At last she made a pilgrimage to a pagoda where folks said was a parah who would give anything that was asked of him. Bright and early she set out, and on her head as an offering she carried an image of a tiger and one of a man, and when she arrived at the pagoda she offered the images and prayed for a son.
While she was praying at the pagoda, Lord Sa Kyah heard her, took pity on her, and promised her a son. But, alas! when he was born, to his mother's great sorrow, instead of being the beautiful boy she hoped for he was nothing but a frog.
Lord Sa Kyah in order to comfort her, however, told her that her son was really a great hpea, and that after one year and seven months he would change into the most handsome man in all the hill and water country.
All the women scoffed and made fun of the poor mother, and all through the village she was called Myeh Khit, or "Frog's Mother," but she bore their jeers in silence and never reviled in return.
"Each year at the Feast of Lights ... she prayed." Page 10. "Each year at the Feast of Lights ... she prayed." Page 10.

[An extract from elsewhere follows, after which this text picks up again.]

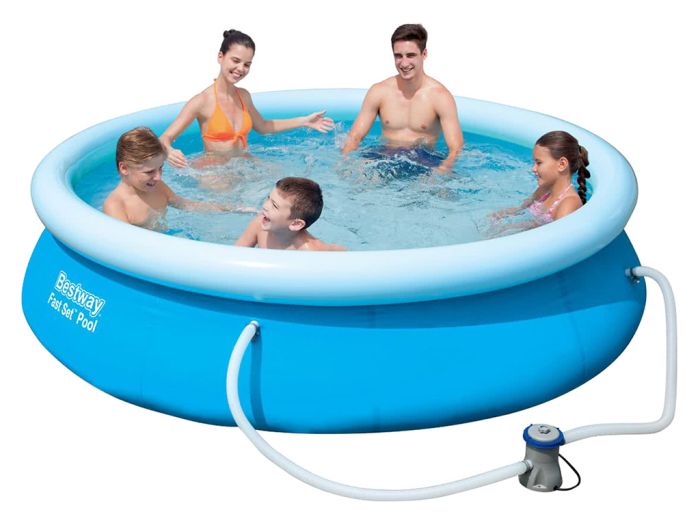 Der Bestway Fast Set Pool kann in kürzester Zeit aufgebaut werden. Die mitgelieferte Filterpumpe sorgt für klares und hygienisches Wasser. Dank der aufblasbaren Kante des Pools hat er immer die richtige Form und Stabilität.

Now the king of the country had seven daughters. All were married except one, and one day Myeh Khit went to him to ask for this daughter in marriage for her son. The king was of course very angry that she should ask that his only remaining daughter should marry a frog, but he spoke deceitfully, called his daughter and asked her if she would be willing to accept a frog for a husband. Like a dutiful daughter she told him that she would "follow his words" and do as he wished, as she had no will apart from his.
The king then called the woman and said: "O woman, I will give my only remaining daughter to your son, but I make one stipulation. You must build a road, paved and properly built, from the market-place to my palace; the sides must be decorated with painted bamboos, and the work must be done within seven days or you shall die. Now go, and prepare for the work, and at the end of the seven days I will make ready the marriage feast for my daughter or order the executioner to take off your head."
In great distress Myeh Khit returned to her home and sat down on the floor of her house and wept. All day long she bewailed her hopeless condition. In vain her son asked her the cause of her sorrow. Afraid of grieving him she would not tell him; but at last when six out of the seven days had passed, and knowing the fate that awaited her on the morrow, she told him how she had gone to the king with her request, and the time being almost expired, that she must make ready to die on the morrow.